ひさしぶりに、「おさぼり」シリーズを書いてみたくなった。いつだったか、茶漬けClick!についてずいぶんうるさいことを書いてしまった。そのとき、蕎麦屋と双璧をなす江戸のファーストフード店である「茶漬見世」がいまでもあったら、わたしは通いつづけるだろう・・・と書いた。だから、「茶づら」いつづけることになってしまったのだ。(爆!)
 ぜんぜん古くはないが、都内某所にできたばかりの茶漬け店を見つけた。それからというもの、仕事で近くを通りかかって小腹でも減っていれば、すぐに立ち寄るクセがついてしまった。もたもたせずにアッという間にかっこんで、サッと仕事にもどれるのがなによりも嬉しい。この店、8種類の茶漬けが用意されていて、注文すると1~2分ほどで出てくる。だから、しじゅうバタバタしているわたしには、とってもありがたい店だ。

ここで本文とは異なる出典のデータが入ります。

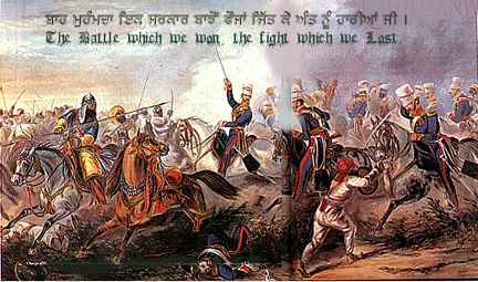 Once again Tej Singh deserted the army and even cut the boat bridge which linked the Sikh forces to the opposite bank of the river leaving them to perish under deadly showers of shrapnel as they tried to swim across. Describing the battle at Sabraon as the "Waterloo of India", Lord Gough paid great tribute to the Sikh soldier: A Policy precluded me from publicly recording my sentiments on the splendid gallantry of our' fallen foe, or to record the acts of heroism displayed not only individually, but almost collectively, by the Sikh Sirdars and the Army. and I declare, were it not for a deep conviction that my country's good required the sacrifice, I would have wept to have witnessed the fearful slaughter of so devoted a body of men." General Sir Joseph Thackwell who witnessed the battles wrote, "for though defeated and broken, they never ran, but fought with their talwars to the last and I witnessed several acts of great bravery in their sirdars and men". Lord Hardinge, who saw the action, wrote, "Few escaped, none it may be said, surrendered. The Sikhs met their fate with the resignation which distinguishes their race." This was a major British victory against a people afflicted with internal treachery and treason and was the beginning of the end of the Great Sikh Durbar. The British Governor General of India, Sir Henry Hardinge laid down stiff terms, including cession of the districts of Kashmir and Hazara. Within hours, Gulab Singh Dogra accepted the conditions and so ended, nominally, the First Anglo-Sikh War. The traitors Lal Singh and Tej Singh were "immortalised" in doggerel verse, to quote a historian punning on their names: Laloo lost the blush of shame, Teju lost his lustre, By turning their backs in the field They turned the tide and the battle yield. The Second Sikh War As British Regiments were now garrisoned in Lahore, it was obvious the conspirators had succeeded in their aims. The Sikh Army was disbanded and a convention entered into for the administration of the Government by a Council at Lahore under a British Superintendent during the minority of Dalip Singh, the youngest of Ranjit Singh's sons. The country between the Beas and Sutlej, comprising the districts of Jullundur, Hoshiarpur and Kangra, was transferred to the British. Retaining suzerainty, they sold the valley of Kashmir to Raja Gulab Singh Dogra for a paltry five million rupees. The disgusted Sikh soldiers, whose regiments had been disbanded, realised the extent of their betrayal, and the feeling of revenge mounted. The sense of outrage of the disbanded Sikh troops and patriots was to be the root cause of the Second Anglo-Sikh War. In the forthcoming battle of Chillianwala the Sikhs, now under able and upright commanders repaid the debts they owed and this time treachery did not quite work for the British. In the British view there was to be no war in the next decade. Lord Hardinge, the British Governor General had ordered a reduction in the army but as subsequent events proved, this belief was ill conceived. The first to challenge British domination was Diwan Mulraj, the Sikh Durbar's Governor of Multan and Sardar Chattar Singh Attariwala at Hazara. Chattar Singh's son Sher Singh Attariwala followed his father's example and also threw his forces against the British. On hearing of Lord Gough's advance on Lahore, Sher Singh Attariwala in a tactical move, sent covering troops through the fords towards the river's left bank, for delaying the enemy's advance and sending early waming. To cover this maneuver, Sher Singh deployed heavy artillery on the left bank of the Chenab: a stratagem which was overlooked by Lord Gough as he led the British advance party to attack the troops of the Sikh advance guard who were now retreating on Sher Singh's orders. The British came under fire of the Sikh guns on the right- bank and it soon became evident that the British position had become untenable. Under cover of their artillery the Sikh infantry and cavalry carried the day. The Sikhs captured British guns and the colours of a British regiment, this victory at Ramnagar giving a much-needed boost to their morale. Stunned by the defeat, Lord Dalhousie took the initiative in his own hands and directed his General Staff to prepare a blanket attack on the Sikhs before they could strengthen their positions. The main action plan of the British was to prevent a union of Chattar Singh's army from Attock and that of Sher Singh's. However, in the meantime the British had defeated Mulraj at Multan and felt adequately rejuvenated to face the now united army of Chattar Singh and Sher Singh Attariwala. Battle of Chillianwala In an amazing coincidence, the battle of Chillianwala was fought in almost the same area where Porus, with his elephants, chariots, and archers, had fought Alexander's cavalry 2175 years earlier. Sher Singh displayed exceptional skill by judiciously selecting his position which was protected on the left by a low ridge of hills intersected with ravines and the main stream of the Jhelum, the right being posted in different villages enclosed by a thick jungle. On 13 January 1849 the British launched their attack. Their artillery advanced to an open space in front of the village of Chillianwala and opened fire on the Sikh artillery. The Sikhs replied with a vigorous cannonade. As the fire ceased the British drew up in order of battle and charged at the enemy's centre in an attempt to force the Sikhs into the river. The assault was led by Brigadier Pennycuick. For the Sikhs, the conditions were made to order. Scattering into the brushwood jungle they began their hit and run tactics, their snipers taking a heavy toll of the British cavalry and infantry. Those that got through the brushwood and the ravines were easily repulsed in the hand-to-hand fighting with the main body of the Sikh troops. Brig. Pennycuick leading the Brigade in the front fell as did his son Ensign Pennycuick who was mortally injured while trying to protec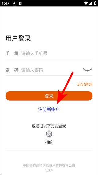 1、打開(kāi)保險(xiǎn)雙錄系統(tǒng)APP,在用戶登錄頁(yè)面點(diǎn)擊注冊(cè)新帳戶選項(xiàng)。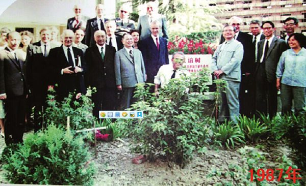 1987年,德國下州議長布蘭克先生率團來訪,在友誼樹前與安徽省人大與學校領導合影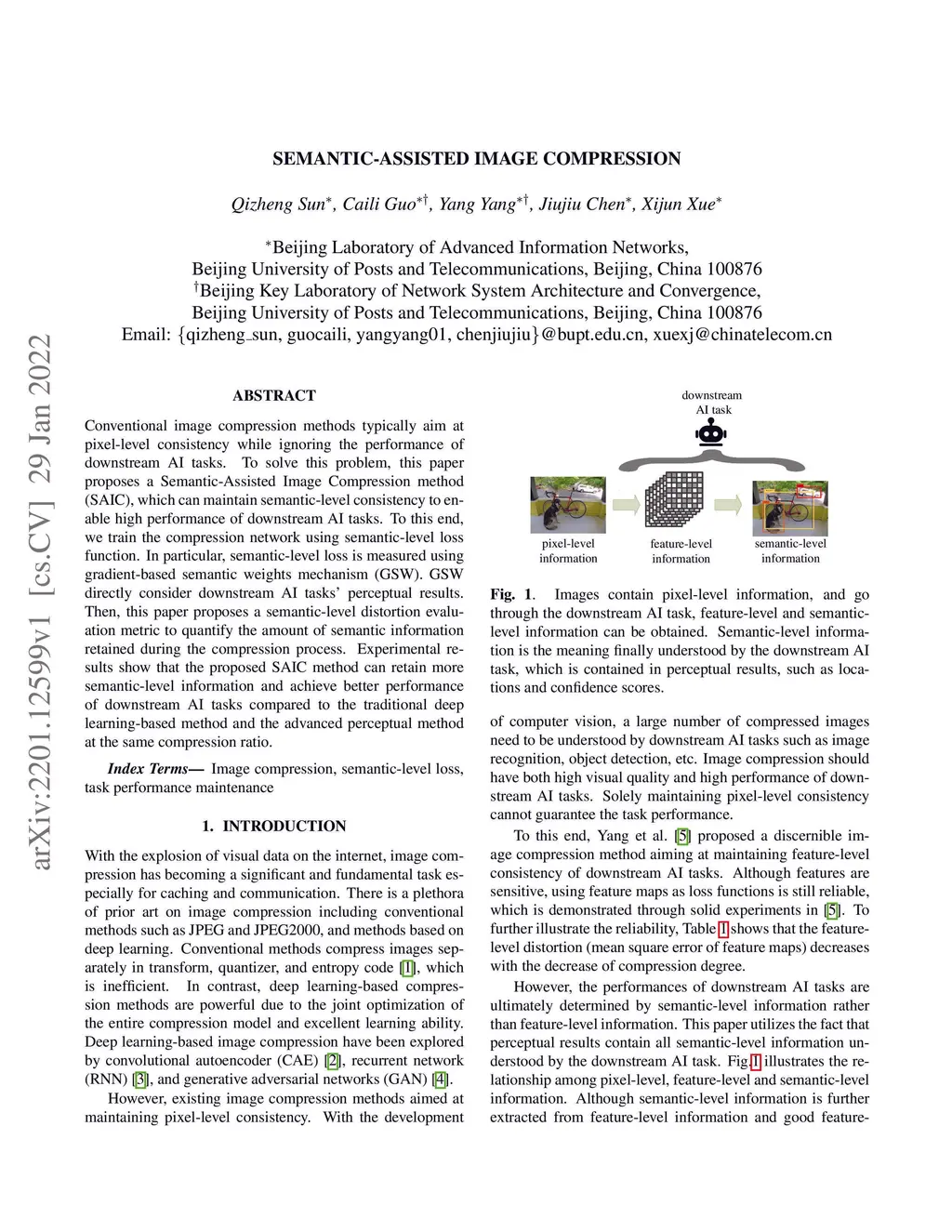 Conventional image compression methods typically aim at pixel-level consistency while ignoring the performance of downstream AI tasks.To solve this problem, this paper proposes a Semantic-Assisted Image Compression method (SAIC), which can maintain semantic-level consistency to enable high performance of downstream AI tasks.To this end, we train the compression network using semantic-level loss function. In particular, semantic-level loss is measured using gradient-based semantic weights mechanism (GSW). GSW directly consider downstream AI tasks' perceptual results. Then, this paper proposes a semantic-level distortion evaluation metric to quantify the amount of semantic information retained during the compression process. Experimental results show that the proposed SAIC method can retain more semantic-level information and achieve better performance of downstream AI tasks compared to the traditional deep learning-based method and the advanced perceptual method at the same compression ratio.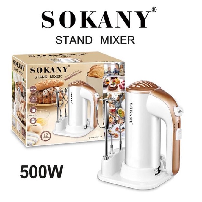 - Bộ sản phẩm gồm: 1 Thân máy, 1 chân đế, 2 que nhào, 2 que phới lồng.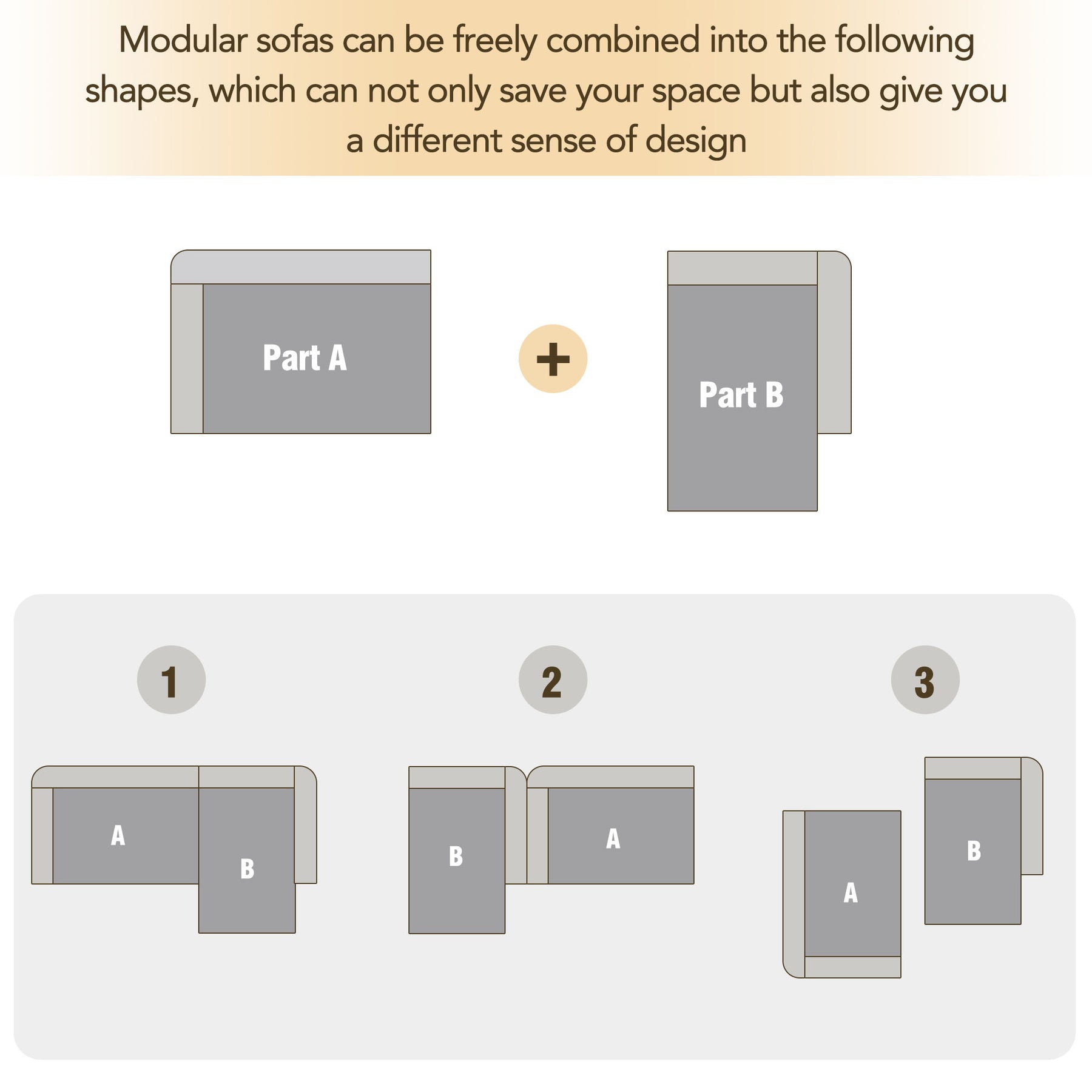 Modular Combination Living Room Sofa Set, Modern Minimalist Sofa, Living Room Upholstered Sofa Bed, Bedroom, 2 Pieces Computer Free Combination, L - Shaped - Beige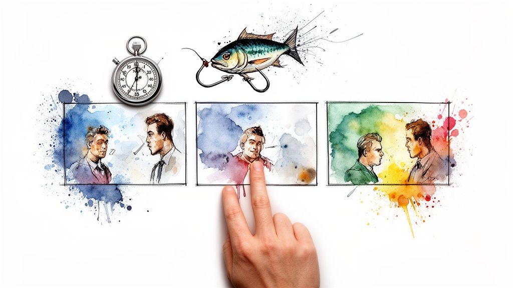 Let's be real: in a world of endless scrolling, you don’t have minutes to grab someone's attention. You have seconds. That makes the very first line of your script the most valuable real estate you own. Your hook has to be sharp, immediate, and impossible to ignore.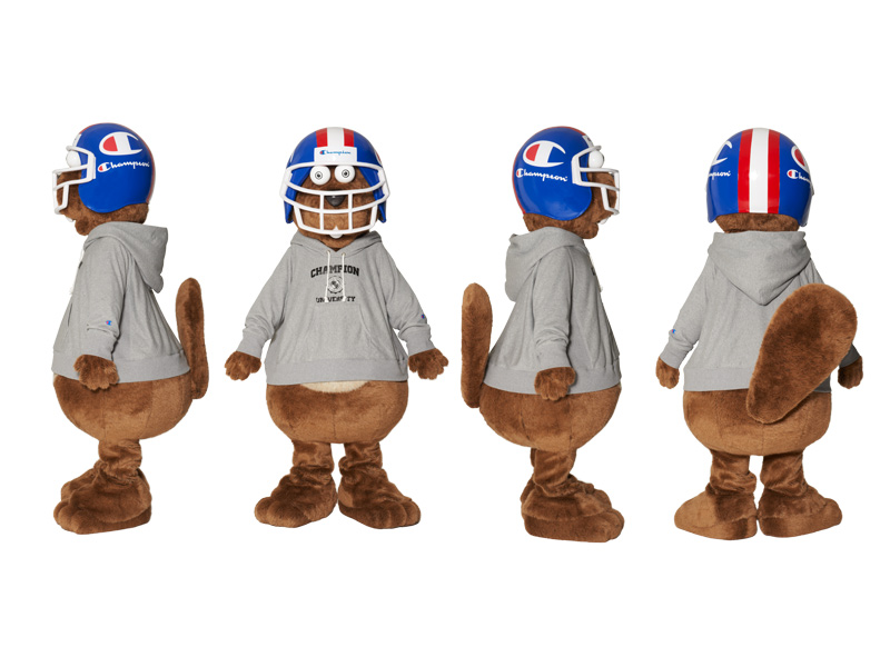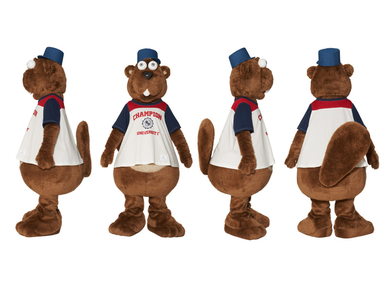 D.K.S.G. planned and designed a mascot of CHAMPION UNIVERSITY, a beaver with adorable buck teeth and a big tail. It comes from NY, the hometown of CHAMPION with a motto, "YOU CAN DO ANYTHING YOU WANT!" The beaver is a huge fan of American football. Its eyes shine during the night. The mascot's name has not known yet. Sometimes, it appears at the direct shops and/or nationwide CHAMPION corners.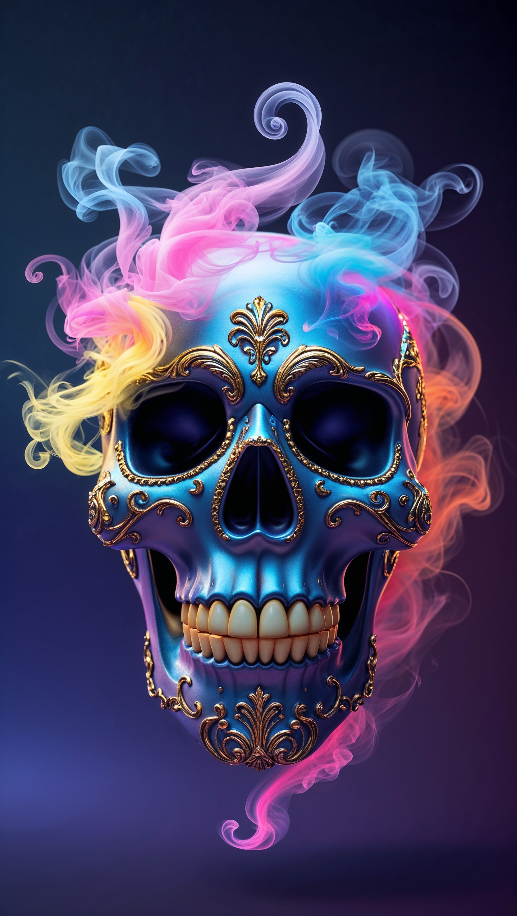 1664x2944 iPhone wallpaper with skull emitting colorful smoke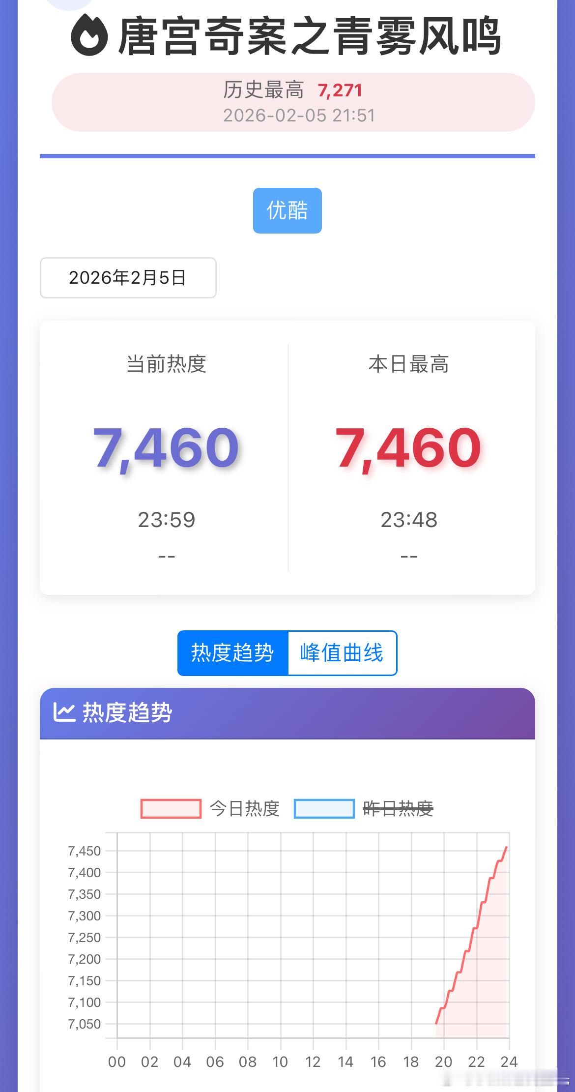 白鹿、王星越唐宫奇案 首日数据优酷热度7460,开播时热度就垫到7000+了所以热度拉升并值不算高,灯塔播放量879w,预计云合/酷云播放量600w上下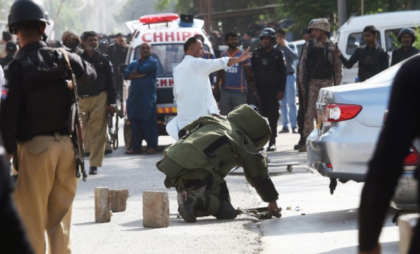 巴基斯坦警方调查现场(法新社) 海外网11月27日电 上周,3名非法武装分子试图闯入中国驻巴基斯坦卡拉奇领事馆未得逞,并在随后的交火中被击毙。近日,巴基斯坦信息部长法瓦德⋅乔杜里(Fawad Chaudhry)表示,这起针对中国驻卡拉奇领事馆袭击的背后,有外国势力介入。 据巴基斯坦Geo新闻网报道,当地时间26日,乔杜里参加了一场在伊斯兰堡举行的活动,这场活动旨在为2名因保护中国领事馆而殉职的警察进行捐款。这位巴基斯坦信息部长表示,国外的敌对势力与这起袭击事件有关,但他也提到,这些势力无法破坏中巴两国的关系。 “我们两国间的关系根深蒂固,经得住时间的考验,”乔杜里这样表示,“中巴间的这种紧密的合作令某些势力感到恼火,这就是为什么他们会采取这种懦弱的行为。”他提到,巴基斯坦的安全部队和人民都在反恐斗争中做出了牺牲,而巴方的行动已经表明,他们仍将坚定地打响对抗恐怖主义的斗争。

 でも、ひとつ不満がある。茶漬けと銘打ってはいても、正確には「だし茶漬け」であって、どれも煎茶をかけるのではない。あっさりとしたカツオだしを注いで食うのだけれど、できれば「茶漬け」と「だし茶漬け」とを分けて注文できるようにしてほしい。カツオだしは美味しいけれど、それでもしつこく感じることがある。そういうときは、食後感もさわやかで目もパッチリ醒める、タンニン分が少し多めの渋い煎茶をかけた茶漬けが食いたくなるのだ。中でも、「鯛茶漬け」や「鮭茶漬け」へ、なぜか二重にカツオだしを添えるのは、くどくてしつこくて野暮だからぜひやめてほしい。せっかくのあっさり風味が消え、それぞれ魚のうま味や香りが台無しになってしまうのだ。天ぷら茶漬けなら、だし汁でもいいのだけれど・・・。
 それでも、この茶漬け店に通いつづけるのは、やはりサラサラと食べられる茶漬けの食感が好きだからだろう。また、季節によって茶漬けの種類が変わるのも気になるところ。店では、木製で大きめのスプーンを出してくれるが、やはり茶漬けは箸でサラサラと涼しげにかっこまないとさまにならない。あの音がするから、たまらなく食欲をそそられるのだ。

 食券を買って入る、まるで食堂のような造りなのだけれど、圧倒的にOLらしい若い女性が多いのはどうしたことだろう? 茶漬けは蕎麦と同様にサッと食ってパッと出る、飾らない男の食いもんの印象がわたしは強いのだが、どうやら最近はぜんぜん違うイメージのようだ。おそらく、カロリーが低くてダイエットにはピッタリ・・・ということなのだろうか。
 一昨日も昼に、茶漬け屋へと足を向けてしまった。ハンバーガーや牛丼などは、数年に一度食うか食わないかのわたしだが、同じファーストフード店でも茶漬けというと話がまるっきり違う。毎日食べても飽きない食事、それが茶漬けだと思うのだ。これから陽射しが強まるにつれ、ますます茶漬けが美味しくなる季節を迎える。

■写真上:刺身を載せた「鯛茶漬け」。箸休めも付いて、茶漬けにしては900円とちょっと高め。
■写真下:茶漬け屋の近くにある社のひとつ。うっそうとした森が、いまでも残っている。